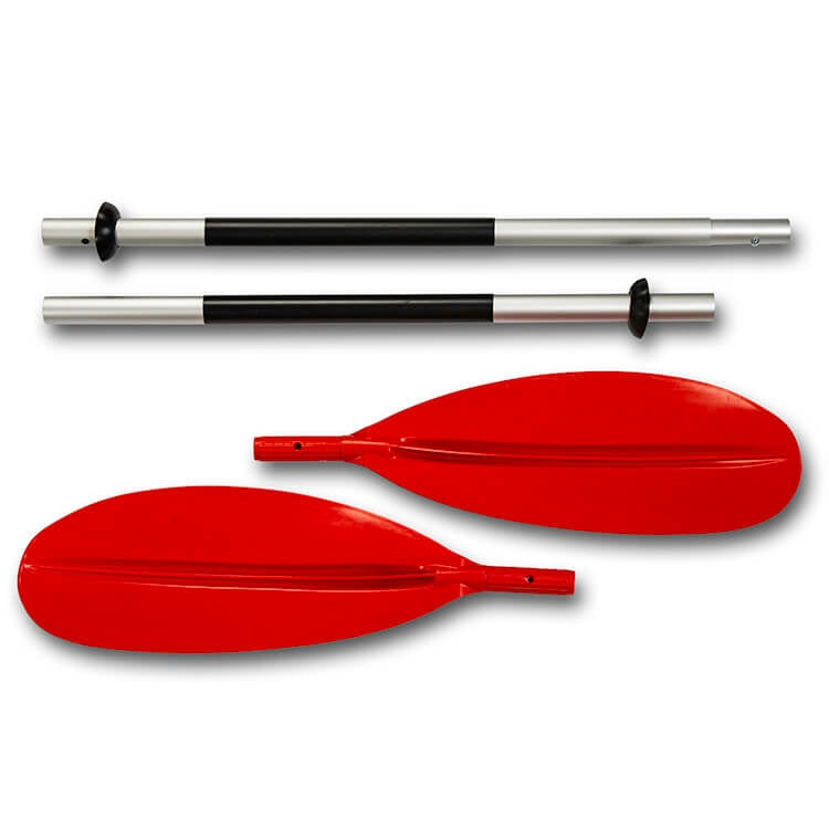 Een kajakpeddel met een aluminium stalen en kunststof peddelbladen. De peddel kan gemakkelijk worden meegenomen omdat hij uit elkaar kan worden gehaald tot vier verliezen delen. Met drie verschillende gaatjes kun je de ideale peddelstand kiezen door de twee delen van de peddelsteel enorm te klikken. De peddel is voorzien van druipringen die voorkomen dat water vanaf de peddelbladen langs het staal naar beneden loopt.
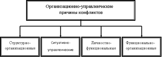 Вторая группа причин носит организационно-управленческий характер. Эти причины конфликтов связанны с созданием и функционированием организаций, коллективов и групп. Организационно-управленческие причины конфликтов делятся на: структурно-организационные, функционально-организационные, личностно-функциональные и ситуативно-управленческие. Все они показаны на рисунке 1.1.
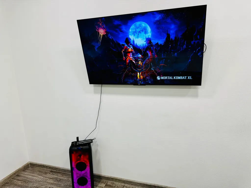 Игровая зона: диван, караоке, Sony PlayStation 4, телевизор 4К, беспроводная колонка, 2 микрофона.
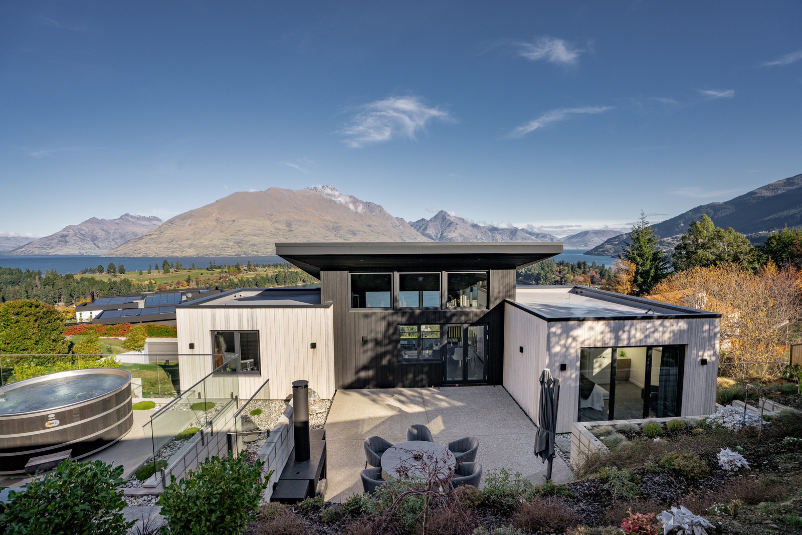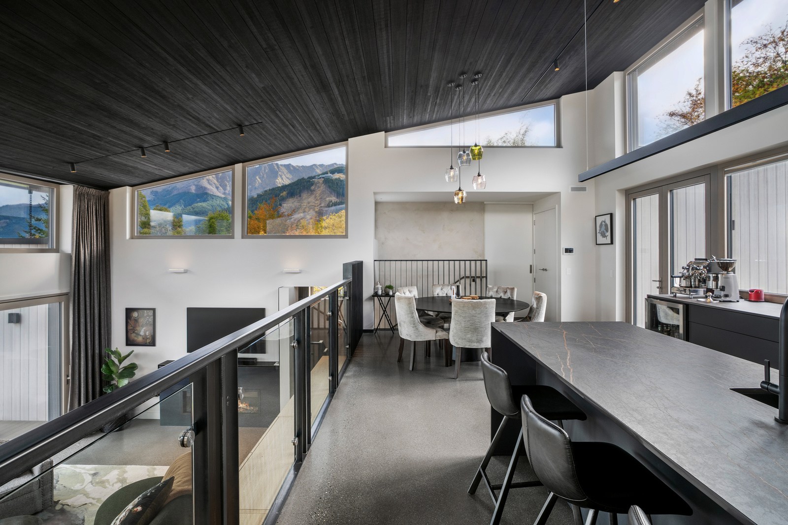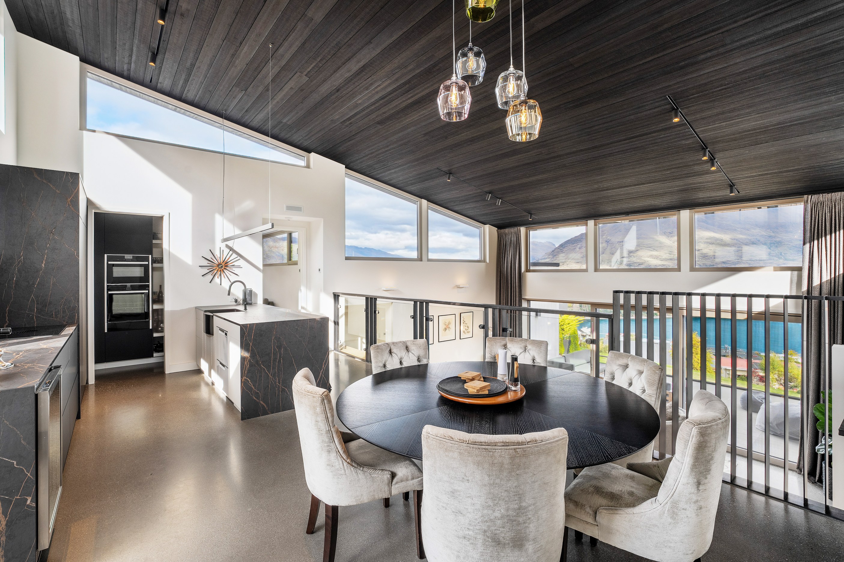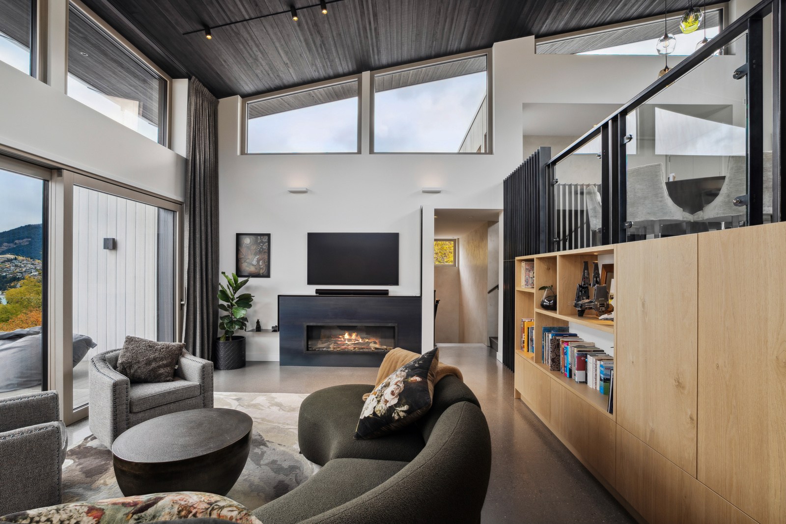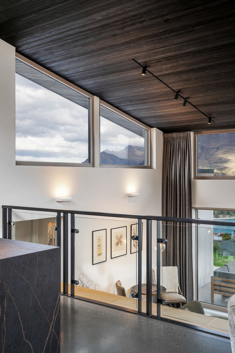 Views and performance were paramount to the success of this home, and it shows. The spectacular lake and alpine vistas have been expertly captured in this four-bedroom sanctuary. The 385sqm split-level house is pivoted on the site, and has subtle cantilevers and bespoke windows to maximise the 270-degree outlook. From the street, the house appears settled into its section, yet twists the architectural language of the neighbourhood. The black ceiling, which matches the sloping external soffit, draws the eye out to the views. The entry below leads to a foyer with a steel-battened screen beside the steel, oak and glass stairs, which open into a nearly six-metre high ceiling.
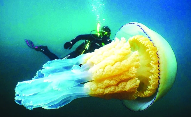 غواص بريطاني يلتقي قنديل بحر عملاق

:::

WORK TO COMPLETE:
Would you restate, word for word, the lines from the one holding "Игровая зона: диван, караоке, Sony" through the end of the material above? Omit the pictures.

EXPECTED ANSWER:
 Игровая зона: диван, караоке, Sony PlayStation 4, телевизор 4К, беспроводная колонка, 2 микрофона.
 Views and performance were paramount to the success of this home, and it shows. The spectacular lake and alpine vistas have been expertly captured in this four-bedroom sanctuary. The 385sqm split-level house is pivoted on the site, and has subtle cantilevers and bespoke windows to maximise the 270-degree outlook. From the street, the house appears settled into its section, yet twists the architectural language of the neighbourhood. The black ceiling, which matches the sloping external soffit, draws the eye out to the views. The entry below leads to a foyer with a steel-battened screen beside the steel, oak and glass stairs, which open into a nearly six-metre high ceiling.
 غواص بريطاني يلتقي قنديل بحر عملاق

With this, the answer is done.